Despite Donald Trump’s vow to drive them from office, the ten House Republicans who voted to impeach the former president for his role in the violent insurrection at the US Capitol on 6 January are enjoying a flood of re-election campaign donations.
The latest filings from the Federal Election Commission (FEC) show that the group raised $6.4million collectively in the first quarter of 2021.
Seven of the representatives set personal records for fundraising in a non-election year, and all of the lawmakers out-raised challengers who filed campaign finance reports, Bloomberg reported.
However GOP leaders remain worried that Mr Trump’s pledge to get back at Republicans who voted to charge him with incitement of insurrection may inadvertently scupper attempts to win back control of the House.
By backing challenger campaigns in the 2022 midterms, Mr Trump may weaken incumbents and hinder their goal of overturning the Democrats’ majority in the lower chamber.
Both Tom Emmer, chairman of the National Republican Congressional Committee, and House Minority Leader Kevin McCarthy say they will support incumbents and are trying to discourage Mr Trump from backing primary challengers.
Currently, there are 15 primary bids against the group with only John Katko of New York remaining unopposed.
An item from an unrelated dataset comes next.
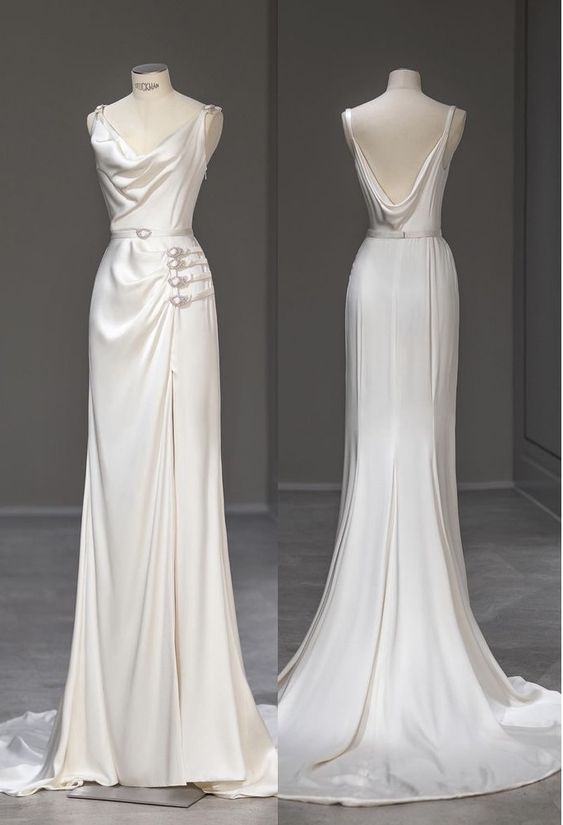 Elegant Mermaid Straps Satin Long White Wedding Dresses HZ1024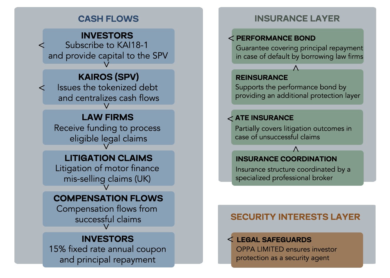 After investors subscribe to KAI18-1 tokens, the capital raised flows through the SPV (Kairos) and is used to issue loans to law firms. These firms then finance the progression of legal claims. Compensation from successful cases ultimately feeds the SPV’s cash flows, enabling it to repay principal to investors and pay interest on the notes.

Together these challengers have raised $1.9m, with 24 per cent of that amount self-financed.
In siding with Democrats in January’s impeachment vote and defying Mr Trump, the incumbent representatives have reaped the rewards of elevated national profiles.
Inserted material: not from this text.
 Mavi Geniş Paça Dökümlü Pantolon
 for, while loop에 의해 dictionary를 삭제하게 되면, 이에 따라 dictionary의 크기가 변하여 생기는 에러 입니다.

Liz Cheney of Wyoming, Adam Kinzinger of Illinois, and Anthony Gonzalez of Ohio recorded the largest quarterly donations of their careers. The quarter following an election usually sees only low levels of fundraising.
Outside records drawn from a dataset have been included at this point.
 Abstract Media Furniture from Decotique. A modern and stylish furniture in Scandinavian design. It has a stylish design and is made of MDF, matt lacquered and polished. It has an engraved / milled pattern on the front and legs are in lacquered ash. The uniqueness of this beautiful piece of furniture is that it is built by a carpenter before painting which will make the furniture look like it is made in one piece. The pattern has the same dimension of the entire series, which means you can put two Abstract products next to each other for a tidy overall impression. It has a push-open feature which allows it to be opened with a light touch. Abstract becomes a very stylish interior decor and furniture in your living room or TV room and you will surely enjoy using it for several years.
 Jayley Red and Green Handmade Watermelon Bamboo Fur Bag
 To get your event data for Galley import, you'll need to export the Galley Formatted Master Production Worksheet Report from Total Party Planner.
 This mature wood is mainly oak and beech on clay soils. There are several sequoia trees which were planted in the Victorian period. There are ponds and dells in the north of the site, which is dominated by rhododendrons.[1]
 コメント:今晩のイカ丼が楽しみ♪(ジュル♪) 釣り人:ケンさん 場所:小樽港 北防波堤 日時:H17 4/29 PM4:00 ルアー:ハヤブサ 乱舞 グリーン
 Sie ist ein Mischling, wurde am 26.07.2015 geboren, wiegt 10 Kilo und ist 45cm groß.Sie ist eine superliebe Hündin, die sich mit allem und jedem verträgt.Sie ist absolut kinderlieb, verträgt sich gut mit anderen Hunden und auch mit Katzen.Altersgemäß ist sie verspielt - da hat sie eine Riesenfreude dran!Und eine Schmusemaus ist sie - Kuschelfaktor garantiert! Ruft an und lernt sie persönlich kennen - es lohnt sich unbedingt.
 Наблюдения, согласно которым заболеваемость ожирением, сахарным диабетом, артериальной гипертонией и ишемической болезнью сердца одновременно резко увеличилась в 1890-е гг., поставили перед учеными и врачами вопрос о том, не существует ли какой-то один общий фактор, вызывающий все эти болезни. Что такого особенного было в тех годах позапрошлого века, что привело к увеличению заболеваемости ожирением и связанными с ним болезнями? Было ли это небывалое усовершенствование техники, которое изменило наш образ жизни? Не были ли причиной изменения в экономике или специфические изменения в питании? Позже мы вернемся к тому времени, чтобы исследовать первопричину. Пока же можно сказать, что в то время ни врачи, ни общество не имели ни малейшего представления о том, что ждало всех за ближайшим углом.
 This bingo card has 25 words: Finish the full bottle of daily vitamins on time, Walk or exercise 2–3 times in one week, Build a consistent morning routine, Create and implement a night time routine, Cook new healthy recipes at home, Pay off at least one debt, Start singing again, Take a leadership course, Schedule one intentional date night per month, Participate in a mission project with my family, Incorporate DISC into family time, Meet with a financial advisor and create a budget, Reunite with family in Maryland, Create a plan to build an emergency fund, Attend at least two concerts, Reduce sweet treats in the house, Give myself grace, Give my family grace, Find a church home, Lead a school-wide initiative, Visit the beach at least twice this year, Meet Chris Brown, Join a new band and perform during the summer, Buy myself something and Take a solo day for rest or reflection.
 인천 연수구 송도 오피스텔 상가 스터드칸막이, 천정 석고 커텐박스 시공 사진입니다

Overall corporate, leadership, and conservative political action committees gave $1.6m to the House incumbents, compared to only $17,500 for the challengers.
Prosperity Action PAC, started by former House Speaker Paul Ryan, gave to all ten incumbents who voted to impeach. The PAC for Google parent company Alphabet gave to nine of the group.
Notable donors include Kimbal Musk, brother of Elon Musk, who in the past has donated heavily to Democrats including Joe Biden. He gave $2,800 to each of the ten Republicans. A number of other traditionally Democratic donors also made contributions.
Ms Cheney, the third-ranking House Republican, raised the most money and has been supported by key party figures.
This included $10,000 donations from Senator Mitt Romney’s Believe in America PAC; the Republican Jewish Coalition PAC; and $5,000 from PACs led by Mr Ryan, Senators Mitch McConnell, Bill Cassidy of Louisiana, and Shelley Moore Capito of West Virginia.
The congresswoman’s parents, former vice president Dick Cheney and his wife Lynne, each contributed $5,600.
Mr Trump said in a statement issued on Wednesday through his PAC that he would endorse an opponent to Ms Cheney “soon”.
The former president is discouraging multiple challengers in fear of splitting the primary vote, but four have already stepped forward including two state lawmakers. Their fundraising efforts amount to approximately one-third of Ms Cheney’s haul, in excess of $1.5m.
At this stage, the tightest fundraising race is in Ohio between Mr Gonzalez and Trump-endorsed former White House aide Max Miller.
Mr Miller brought in $508,639 to Mr Gonzalez’s $616,524 — the best fundraising quarter of his political career. Save America, Mr Trump’s PAC, is yet to contribute to Mr Miller, though an adviser claims that it has $80m to spend on political donations.
Beyond the PAC, Mr Trump’s real political clout is in rallying his army of grassroots small-dollar donors, who are yet to contribute. While they donate amounts lower than $200, they contributed to the former president’s campaigns in huge numbers. It is unclear to what extent they will follow his lead going forward.
Emulating the former president, Trump loyalist and conspiracy theorist Marjorie Taylor Greene set a record by bringing in $3.2m in the first quarter of 2021 — an unheard of amount by an incumbent in a non-election year.
Rep. Greene raised just under 80 per cent of that amount from grassroots donors, mobilised after she was stripped of House committee assignments for making threatening statements against Democrats on social media.
In contrast, the ten incumbents who voted for Mr Trump’s second impeachment raised just 8.8 per cent of their money in this way.